Но и этот листок он аккуратно складывает и по сгибу рвет на две равные части. Затем, опять же без спроса, — видимо, расстроен чем-то — берет со стола Стародубцева ручку и четким красивым, но мелким почерком пишет сначала на одной половинке, потом — на другой. Закончив, протягивает первый листок Виктору Васильевичу:
— Прочтите, пожалуйста. Это радиограмма в редакцию. Адрес указан. Если нет возражений против текста, то завизируйте. Хорошо бы отправить немедленно.
Стародубцев с нарочито преувеличенной осторожностью принимает листок и встревоженно спрашивает:
— Государственных тайн нет?
— Уж какие там тайны, — снова вздыхает Смирницкий.
Стародубцев сует листок под яркое пятно настольной лампы, поправляет тяжелую оправу своих очков и читает вслух, сопровождая текст своими комментариями:
— «Москва… индекс… главному редактору… прошу предоставить мне отпуск без содержания…» Ага, значит, за свой счет. На юг, что ли? Так еще не сезон… Ну да ладно, не мое дело. Против такой радиограммы возражений не имею. Что еще?
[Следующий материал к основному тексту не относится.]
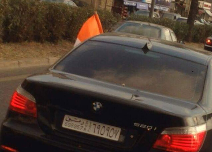 واللافت في الصورة، ان السيارة تحمل لوحة سورية ويرفع عليها علم "التيار".

Смирницкий протягивает вторую половинку листа:
— Это вам.
Стародубцев читает и это:
— «Начальнику сто тридцать первой механизированной колонны товарищу Стародубцеву Вэ Вэ.». Верно, это мне. «Прошу принять меня во вверенное вам предприятие… на должность водителя линейной автомашины… имею водительское удостоверение шофера первого класса». Подпись — Смирницкий.
Стародубцев опускает очки на кончик внушительного носа и с видимым интересом разглядывает поверх них сидящего перед ним молодого человека.
— Вы пропустили «на временную работу», — уточняет претендент на место водителя.
— Не пропустил. А на постоянную не желаешь?
— Не могу, — дипломатично отвечает Смирницкий. — Без прописки вы имеете счастье принять меня не более чем на два месяца.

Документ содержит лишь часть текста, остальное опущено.